When he first saw White playing him, he was struck by the actor’s method. “His performance was completely from the inside out, not just picking elements and wearing them like clothes,” he said. “It’s a original performance, but nevertheless it deeply corresponds to my story and myself.” He saw it as something similar to his own way to songwriting – to writing about people whose lives differ so greatly from his own. “You have to find the part of them that is part of you.”
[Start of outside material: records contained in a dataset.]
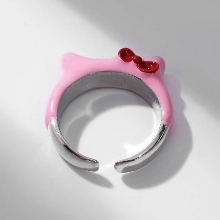 Кольцо «Монстрик» уши с бантиком, цвет розовый в серебре, безразмерное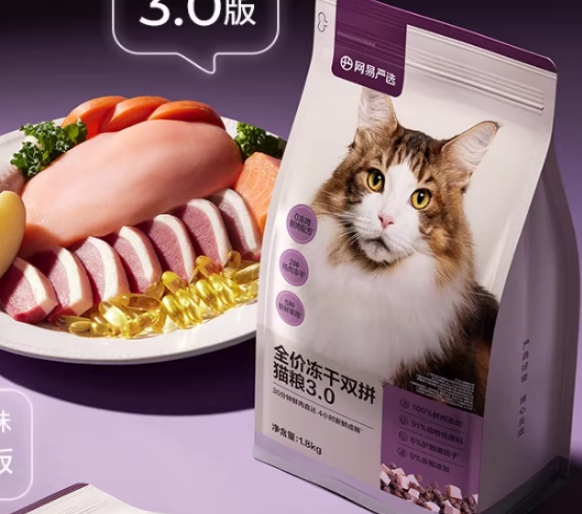 央视评测十大放心猫粮品牌。网易严选是国产大众向猫粮品牌,按猫咪年龄与饲养场景推出无谷鲜肉、室内成猫、幼猫等款式,适配全阶段日常喂食。产品多以鸡肉等常见肉类为原料基底,部分配方添加益生菌、果蔬及豆类成分,由福贝、汉欧等成熟代工厂生产,遵循4S品控标准,经第三方检测,符合国标与AAFCO 标准,是市场受众比较广泛的基础款国产猫粮。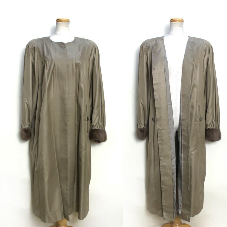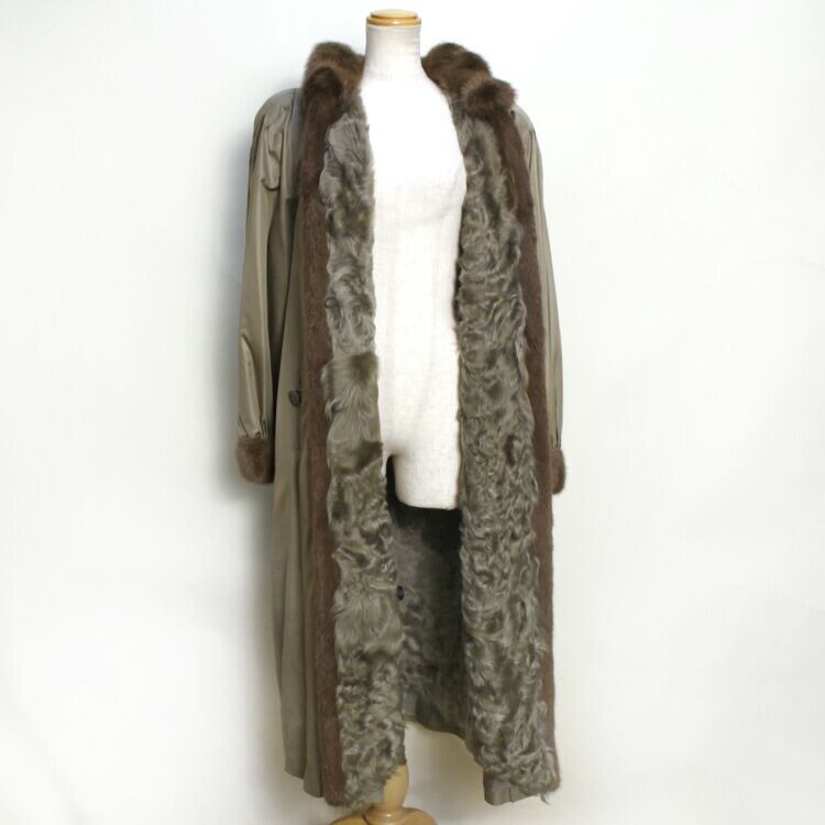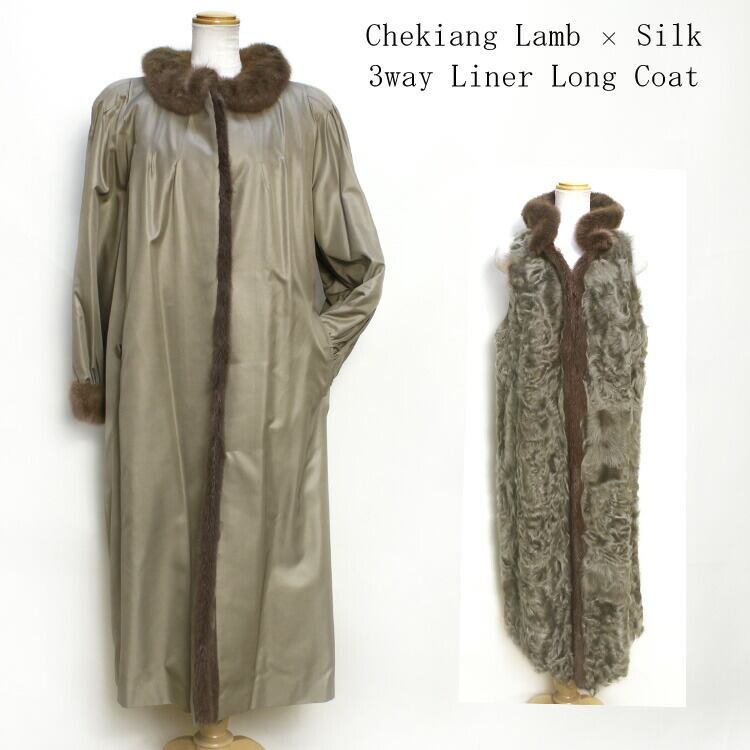 5EXX1IAGB1036 チキャンラム ファー ライナー ・ ミンク ファー 襟 シルク 3way ロング コート ベージュ スプリングコート 送料無料 レディース ギフト プレゼント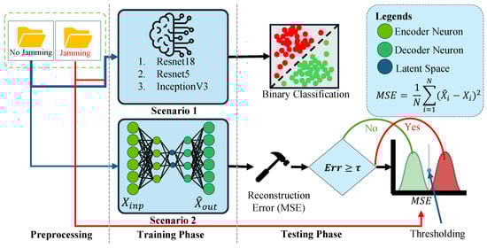 Scenario 2: Unawareness of Jammed Signals. The second scenario presents a more realistic case where only clear (non-jammed) samples are available for training. This scenario employs an unsupervised learning approach, where the system builds a profile exclusively from clear (legitimate) data to detect anomalies. During the training phase, the model is exposed only to “non-jammed” signals, learning to characterize normal behavior patterns and identify potential attacks as deviations from these patterns. The detection mechanism relies on establishing appropriate thresholds to distinguish between normal operations and potential anomalies. This approach is characterized by the following challenges: determining the best threshold values that balance detection sensitivity with false alarm rates, discriminating between new attack patterns and legitimate signal variations, and adapting to changes in normal operating conditions.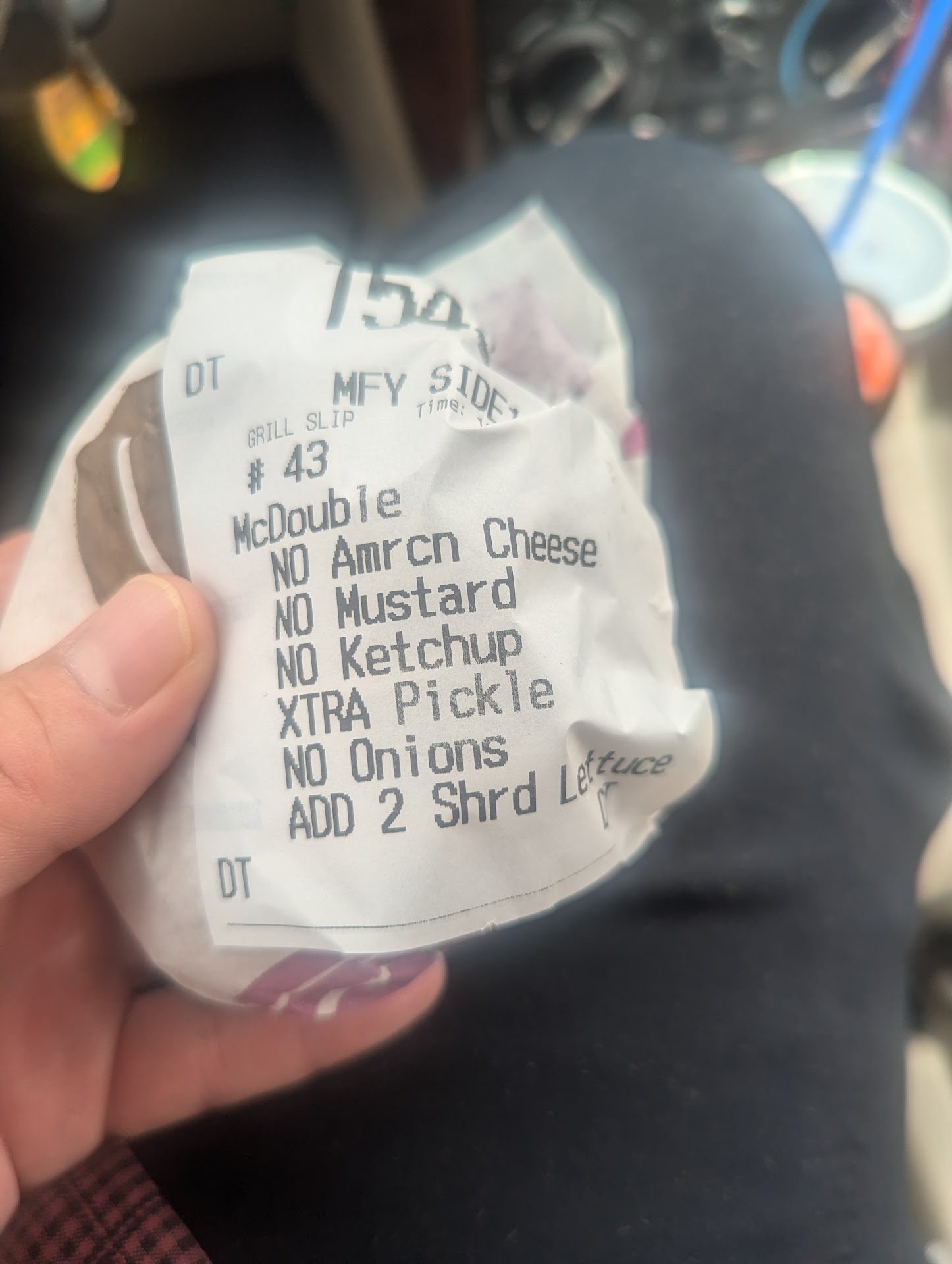 I went to McDonald's today and got a Filet-O-Fish combo with a bacon cheeseburger on the side. I was eating it in my vehicle in the parking lot and listening to an audio book when I glanced up and saw the McDonald's worker I ordered outside having a cigarette.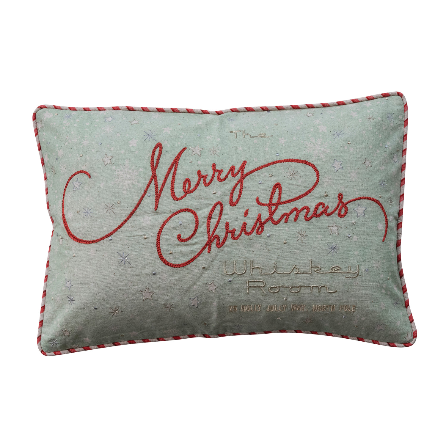 Catalog Name: 24"L x 16"H Cotton & Linen Printed Lumbar Pillow w/ Metallic Silver Thread, Embroidery, Striped Piping & Velvet Back "The Merry Christmas...", Multi Color ©

More disconcerting was the way the film pushed him to reexamine hard phases in his own life. The reconstruction of his grandparents’ home in Freehold, New Jersey – a house he once described as “the greatest and saddest sanctuary I’ve ever known” was strange; Springsteen explained how often he visited the home in his dreams. “So, to be in that house again … it was remarkable, and very beautiful.”
Similarly, it was “a very impactful thing” to see Stephen Graham as his father – capturing his turbulent early years, when he endured unidentified mental health issues and drank heavily, and the fragility and kindness of his later years.
Springsteen recounted watching an early screening in the attendance of his sister, who grasped his hand throughout. Just a year younger than her brother, “she remembered everything”. At the end, she looked at him and said: “Isn’t it marvelous that we have that?”
There was an parallel, perhaps, of the sensation Springsteen hopes to give his own audiences through his live shows. “You establish an ideal world for three hours,” he addressed the select group before him last night. “It’s not a imaginary place. It’s a very plausible world. It has all the beautiful and awful parts of life … But with luck there’s an element of elevation that my audience carries away. And with luck it lingers in their minds for as long as they need it.”